** Exercise data **
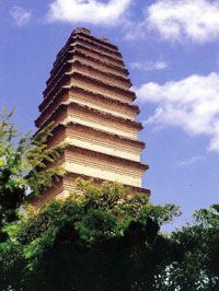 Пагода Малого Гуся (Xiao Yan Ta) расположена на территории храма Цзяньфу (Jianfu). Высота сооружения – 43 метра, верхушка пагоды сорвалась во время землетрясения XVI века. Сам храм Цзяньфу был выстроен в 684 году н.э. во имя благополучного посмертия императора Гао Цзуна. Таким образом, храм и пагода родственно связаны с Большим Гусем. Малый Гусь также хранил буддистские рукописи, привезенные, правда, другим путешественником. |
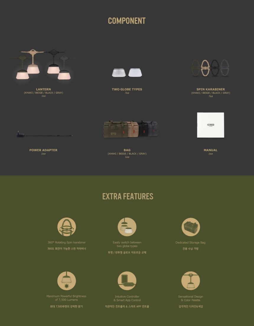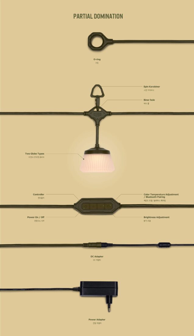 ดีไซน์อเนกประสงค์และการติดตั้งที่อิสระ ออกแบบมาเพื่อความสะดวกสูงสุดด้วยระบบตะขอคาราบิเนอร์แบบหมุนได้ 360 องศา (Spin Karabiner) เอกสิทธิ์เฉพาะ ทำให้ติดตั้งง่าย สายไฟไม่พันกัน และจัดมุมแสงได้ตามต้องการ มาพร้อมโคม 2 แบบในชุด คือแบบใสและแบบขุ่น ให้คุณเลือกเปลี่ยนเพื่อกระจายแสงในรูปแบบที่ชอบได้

* * *

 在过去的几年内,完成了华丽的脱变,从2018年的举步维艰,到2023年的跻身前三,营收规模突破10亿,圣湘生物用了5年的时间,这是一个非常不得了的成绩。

--

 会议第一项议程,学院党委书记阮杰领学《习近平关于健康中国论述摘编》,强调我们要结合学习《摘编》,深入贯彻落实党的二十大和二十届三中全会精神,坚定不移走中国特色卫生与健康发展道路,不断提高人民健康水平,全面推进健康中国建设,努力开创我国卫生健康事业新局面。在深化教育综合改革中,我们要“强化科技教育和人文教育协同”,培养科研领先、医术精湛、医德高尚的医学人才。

** Task brief **
In the listing above, find the line containing "Пагода Малого Гуся" and the line containing "360 องศา (Spin", then print exactly those two lines and every line between them, minus the pictures.

** Written response **
 Пагода Малого Гуся (Xiao Yan Ta) расположена на территории храма Цзяньфу (Jianfu). Высота сооружения – 43 метра, верхушка пагоды сорвалась во время землетрясения XVI века. Сам храм Цзяньфу был выстроен в 684 году н.э. во имя благополучного посмертия императора Гао Цзуна. Таким образом, храм и пагода родственно связаны с Большим Гусем. Малый Гусь также хранил буддистские рукописи, привезенные, правда, другим путешественником. |
 ดีไซน์อเนกประสงค์และการติดตั้งที่อิสระ ออกแบบมาเพื่อความสะดวกสูงสุดด้วยระบบตะขอคาราบิเนอร์แบบหมุนได้ 360 องศา (Spin Karabiner) เอกสิทธิ์เฉพาะ ทำให้ติดตั้งง่าย สายไฟไม่พันกัน และจัดมุมแสงได้ตามต้องการ มาพร้อมโคม 2 แบบในชุด คือแบบใสและแบบขุ่น ให้คุณเลือกเปลี่ยนเพื่อกระจายแสงในรูปแบบที่ชอบได้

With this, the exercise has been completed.